Panichsillaphakit Ekkarit, Laohathai Phakwan, Dhachpramuk Dhachdanai, Vatanavicharn Nithiwat
Department of Pediatrics, Faculty of Medicine Siriraj Hospital, Mahidol University, Bangkok, Thailand.
Department of Pediatrics, Faculty of Medicine Siriraj Hospital, Mahidol University, Bangkok, Thailand
BMJ Case Rep. 2025 May 5;18(5):e265089. doi: 10.1136/bcr-2025-265089.
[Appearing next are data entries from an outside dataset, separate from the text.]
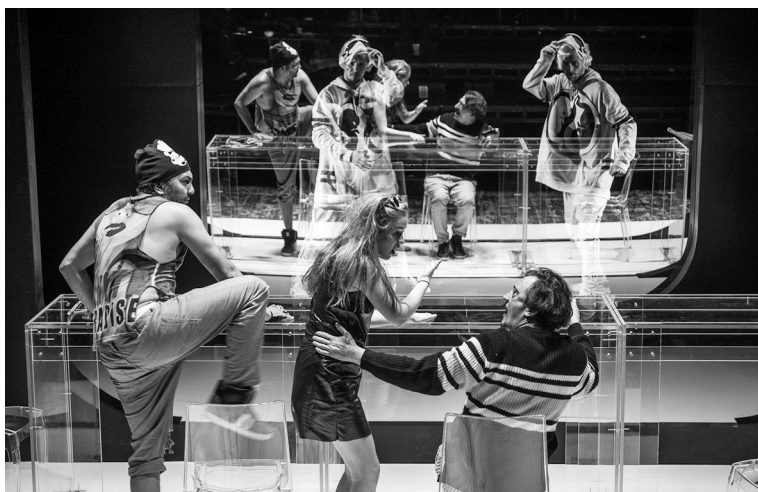
Kisvárdán után októberben Gyergyóban is játszotta a sepsiszentgyörgyi társulat a Samet
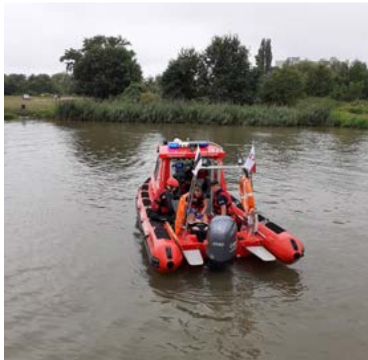
W 2021 r. na Odrze odbyły się pokazy pt. Bezpieczne wakacje

Do dyspozycji kursantów jest interaktywny sprzęt, a działania są objęte patronatem Uniwersytetu Medycznego im. Piastów Śląskich we Wrocławiu. Wiedza, którą przekazują instruktorzy na szkoleniach, jest poparta najnowszymi badaniami z dziedziny ratownictwa, a szkoleniowcami są doświadczeni ratownicy medyczni.
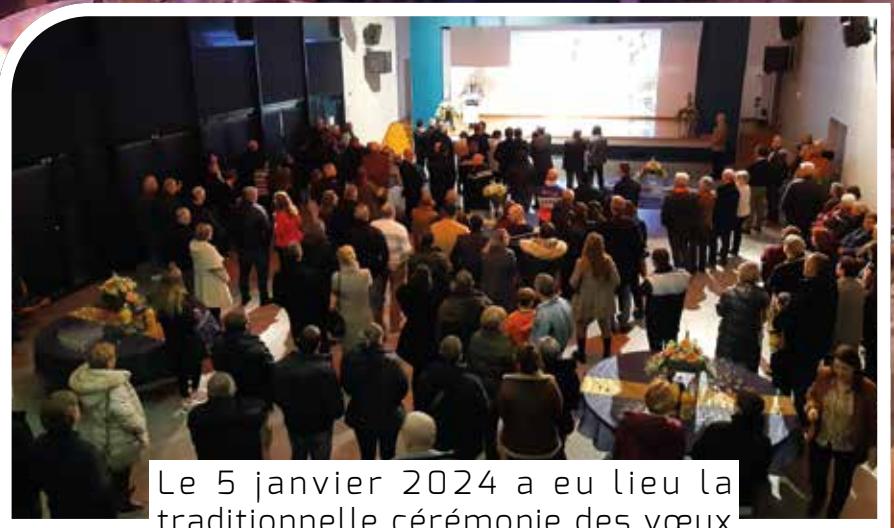
Le 5 janvier 2024 a eu lieu la traditionnelle cérémonie des vœux du Maire au complexe polyvalent en présence de nombreux élus et Calcéens.
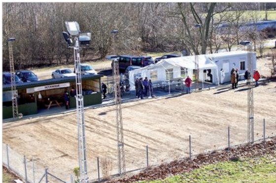
Anlægget set fra Hal 2

Petanque er en billig sport, både hvad angår udstyr og kontingent.
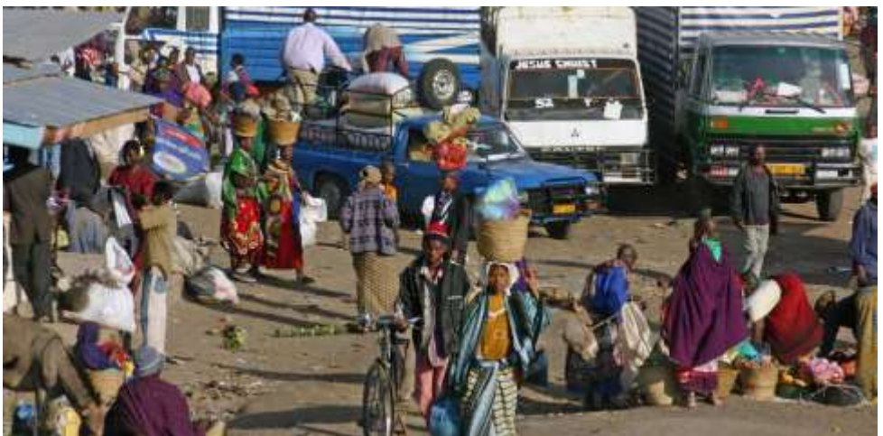
Marktszene und Glaube mitten im Alltag

Die Studienreise führt in diesen weithin unbekanntem Landesteil mit seiner sprichwörtlichen Naturschönheit und Gastfreundschaft. Sie ermöglicht intensive Begegnungen mit Land und Leuten, mit den Gemeinden der Moravian Church und ihrer Geschichte. Die Reise gibt Einblicke in die diversen Bildungseinrichtungen und Spitäler der Kirchen und in ihre beeindruckenden Sozialprojekte unter dem Motto «Leave No One Behind».

Riboflavin, a vital water-soluble vitamin, serves as a cofactor for numerous enzymes involved in cellular energy metabolism. Riboflavin deficiency can lead to diverse clinical manifestations and metabolic changes that mimic multiple acyl-CoA dehydrogenase deficiency (MADD). We report a case of a preterm female infant dependent on total parenteral nutrition (TPN) with insufficient riboflavin intake. The infant exhibited clinical and biochemical features resembling MADD; however, molecular analysis revealed no pathogenic or likely pathogenic variants associated with MADD or riboflavin transporter defects. Treatment with riboflavin, L-carnitine and multivitamin supplementation resulted in the resolution of clinical and biochemical abnormalities within 1 week. This case highlights that the transient MADD-like features were attributable to riboflavin deficiency induced by TPN.
核黄素是一种重要的水溶性维生素,作为参与细胞能量代谢的多种酶的辅助因子。核黄素缺乏可导致多种临床表现和代谢变化,类似于多种酰基辅酶A脱氢酶缺乏症(MADD)。我们报告一例依赖全胃肠外营养(TPN)且核黄素摄入不足的早产女婴病例。该婴儿表现出类似于MADD的临床和生化特征;然而,分子分析未发现与MADD或核黄素转运体缺陷相关的致病或可能致病变异。补充核黄素、左旋肉碱和多种维生素治疗1周内临床和生化异常得以缓解。该病例强调,短暂的MADD样特征归因于TPN引起的核黄素缺乏。